Why? To what end? What is so worth it, that people choose baptism and that those of us who are baptized daily choose to live our baptized lives with integrity and commitment?

So far, I have talked about what we commit to in baptism. But we are not the only ones at work. Actually, we are not even the ones doing most of the work. It sounds like we are, but there is one who is making a bigger commitment than us, working harder than us, if we can say it that way, who is doing all of the heavy lifting when it comes not only to our baptism but to our entire lives. And that is God.

Through the Holy Spirit, in baptism God makes a commitment to you that never wavers, or weakens, or comes to an end. When you were baptized, the pastor or priest or minister who baptized you asked God that the Holy Spirit of God would fill you. When J---n is baptized in a few minutes, we will pray that God “sustain[s] J---n with the gift of the Holy Spirit.” And I will proclaim that J---n has “been sealed by the Holy Spirit and marked with the cross of Christ forever.” Forever. God’s gift and commitment to you is forever. We may waver in our level of commitment throughout our lives, but God never does.

And I think that we don’t take seriously enough what it means that the very Spirit of God comes into us at baptism and is present with us forever. This is the same Spirit that was present at Creation - that formed life where there was no life, whether you think of that through a literal seven days or through the Big Bang and evolution. The Spirit of Life, life in the face of death, life after death, life before death, came to dwell in you the moment you were baptized. The Holy Spirit of God that filled the prophets, that gave Elijah the power to heal the sick and actually raise the dead (once, but he did), the Spirit of God that filled Jesus, and gave him the power to love everyone without limits, that gave him the strength to actually die for others, that gave him new life after death, this same Spirit was given to you in baptism and continues to be in you now. This Spirit of God makes it possible to actually love your enemies, do good to those who hate you, bless those who curse you, and pray for your enemies. Just as Jesus did.

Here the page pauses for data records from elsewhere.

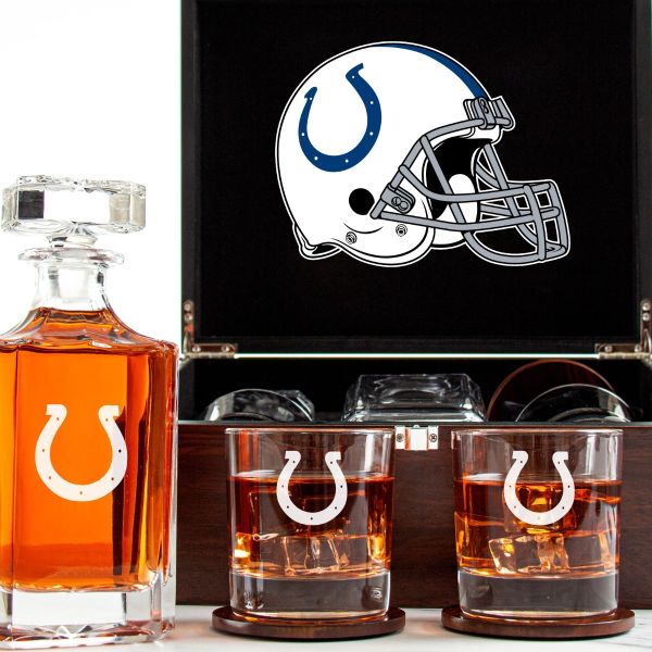 Customized Engraved Dark Brown Wood Box Decanter Set With Rocks Glasses - NFL Indianapolis Colts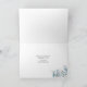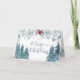 Personalised christmas card with elegant script typography. Watercolor design with pine trees, poinsettia and winter foliage in shades of blue grey and tidewater green.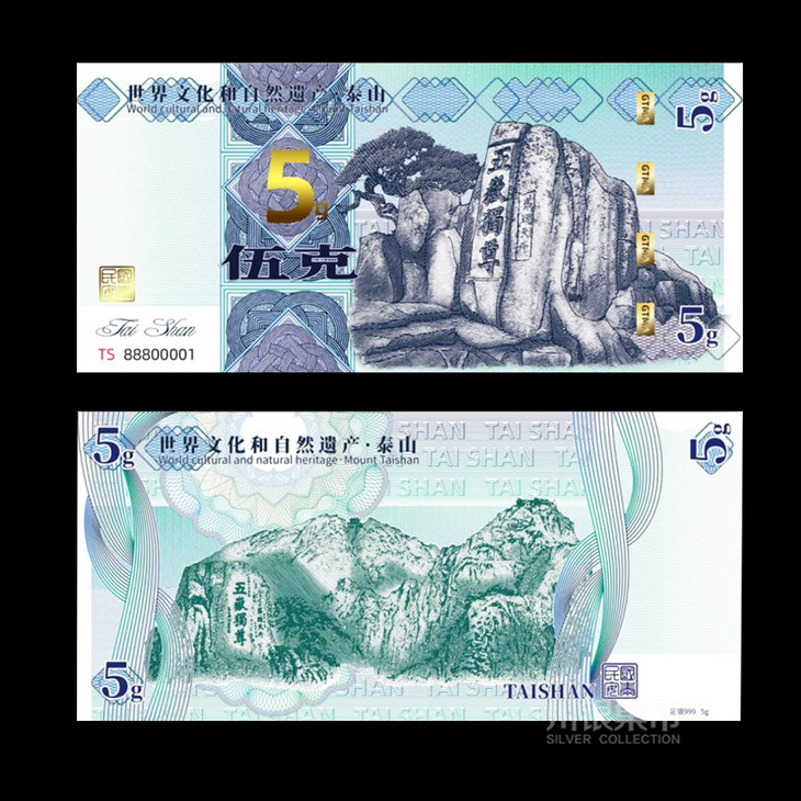 背面图案:为泰山,包括泰山松柏、泰山日出、挑山工、泰山石刻、南天门、十八盘以及玉皇顶等,主景图案下方刊“世界文化和自然遗产—泰山”字样,右侧刊面额“5元”字样。
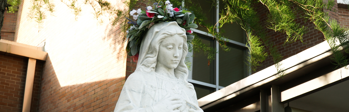 Members of the Brother Martin community gathered in prayer during our liturgy this morning in honor of the Blessed Virgin Mary. Afterward, a May Crowning ceremony was held where Marc Graffeo '22 placed a beautifully interwoven crown of flowers upon a statue of our Mother that resides outside of the Thomas F. and Elaine P. Ridgley Fine Arts and Athletic Center and the Brother Mark Thornton Terrace.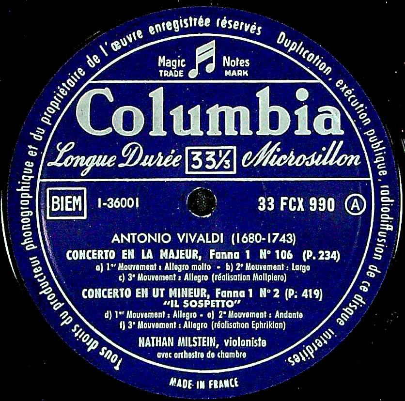 商品コード:1382-058[COLUMBIA] N.ミルシテイン(vn)室内o./ ヴィヴァルディ:Vn協奏曲集Vol.1(4曲)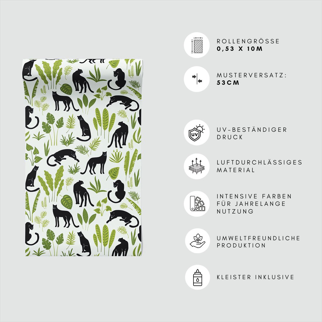 Odkryj piękno i funkcjonalność tapety z motywem pantery, liście, roślinność. To połączenie wyjątkowego wzornictwa z łatwością aplikacji, doskonałe do każdego pomieszczenia.
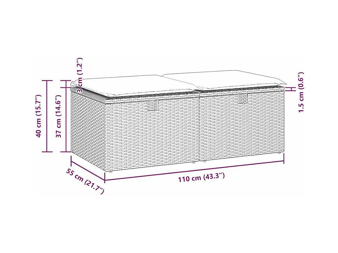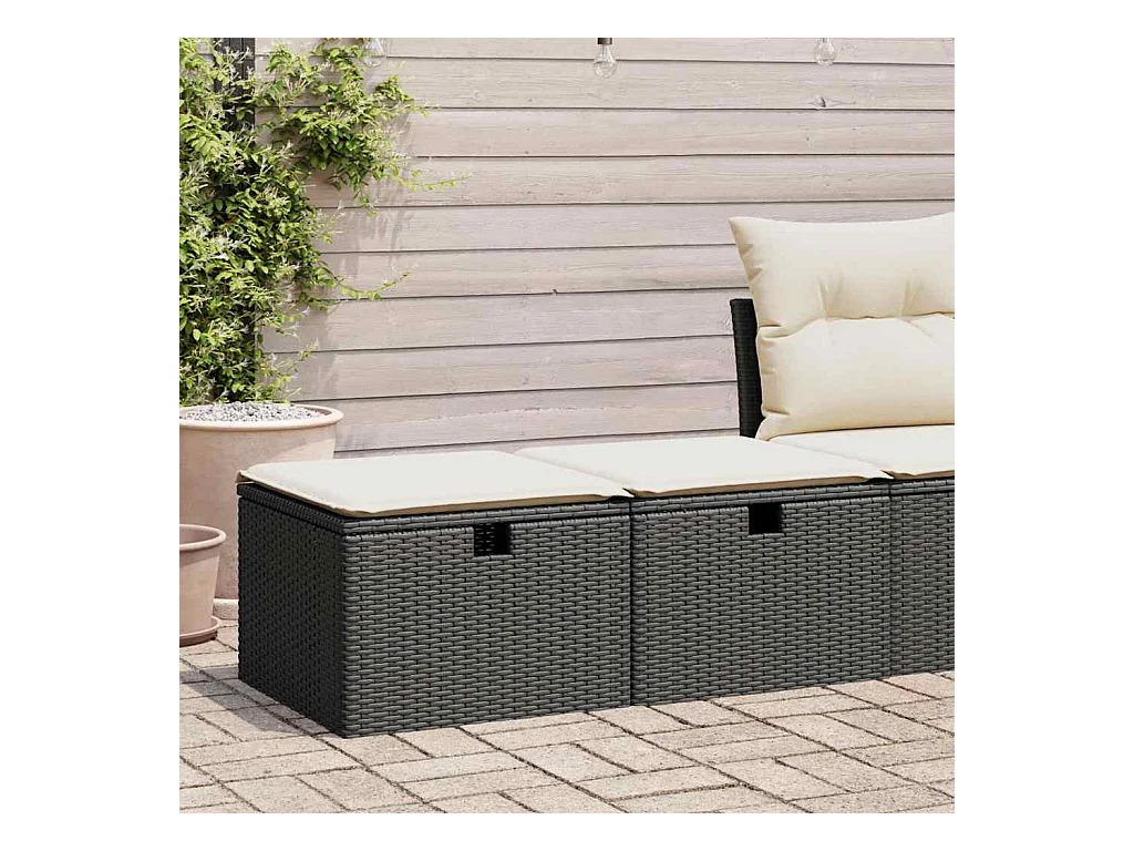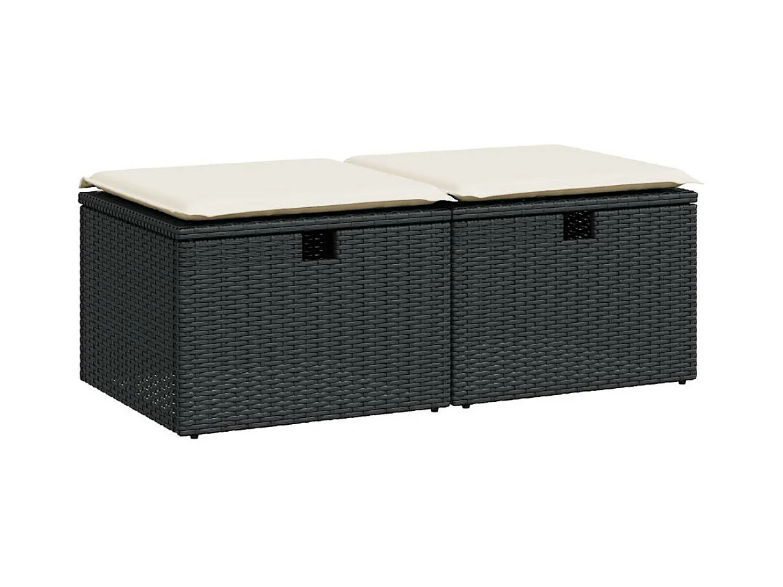 2-delige Loungeset met kussens poly rattan acacia zwart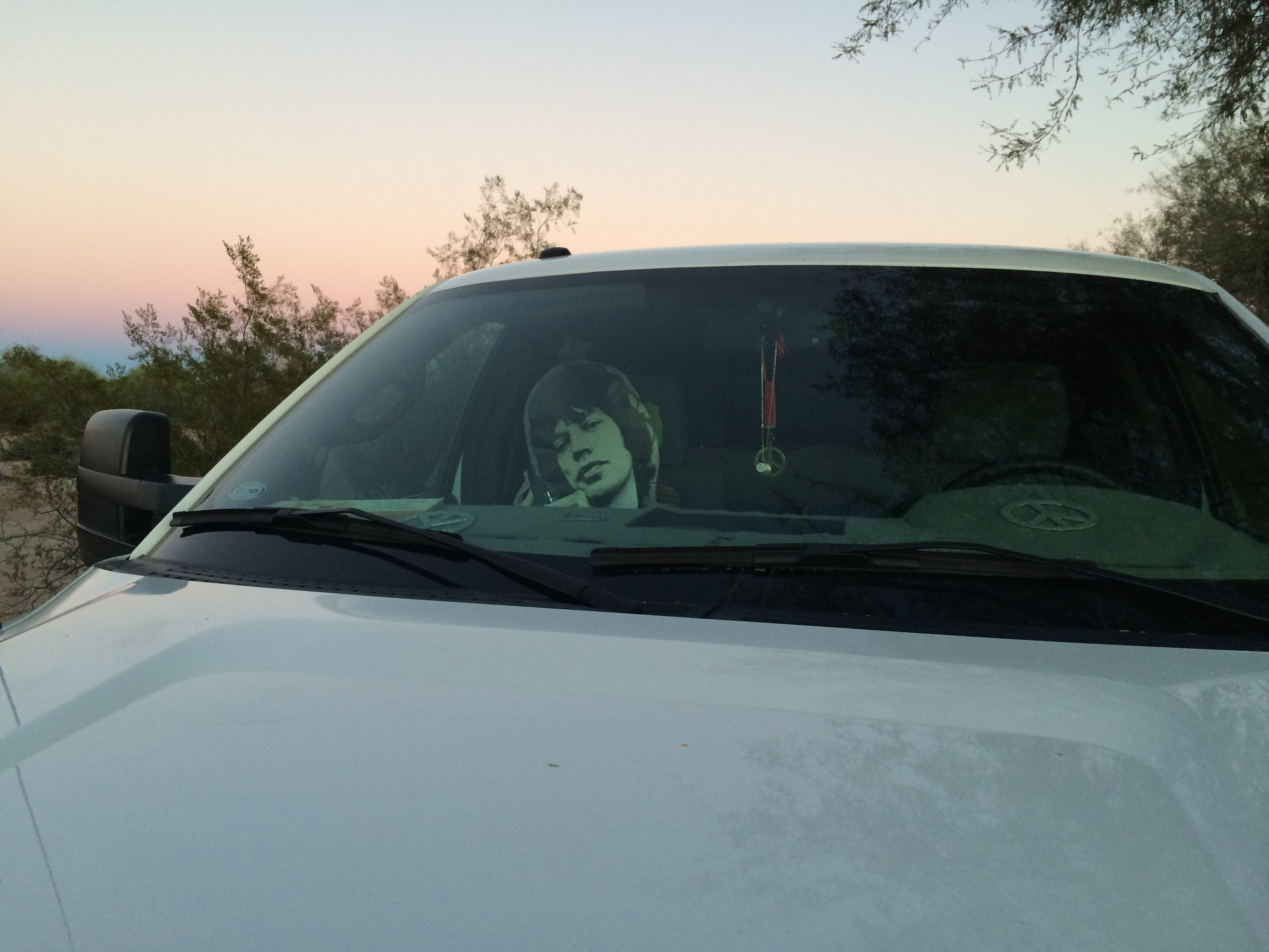 You may not know but I have a cardboard cutout life size bust of Mick Jagger in my passenger seat, with the seatbelt holding him in place.

And this is why we choose baptism, for ourselves and for our children. This is why we continue to live as baptized Christians––as saints. Because yes, living as Jesus calls us to is hard, but it is not impossible. It can’t be impossible because we are filled with the Spirit of God. J---n is about to be filled with the Spirit of God, which is going to empower him and enable him to live as Jesus asks us to: to live with love and mercy and kindness as the guiding principles of our lives.


Jesus calls Christians to high standards of living. And I know that, as committed as we are, we frequently doubt our ability to live up to that. And, if it were up to us alone, we wouldn’t. We couldn’t. But Jesus calls us knowing that it is God’s Holy Spirit dwelling within us who gives us the ability and the strength to follow where Jesus calls. This is the blessing and promise and joy of baptism, and of baptismal living. Thanks be to God, Amen.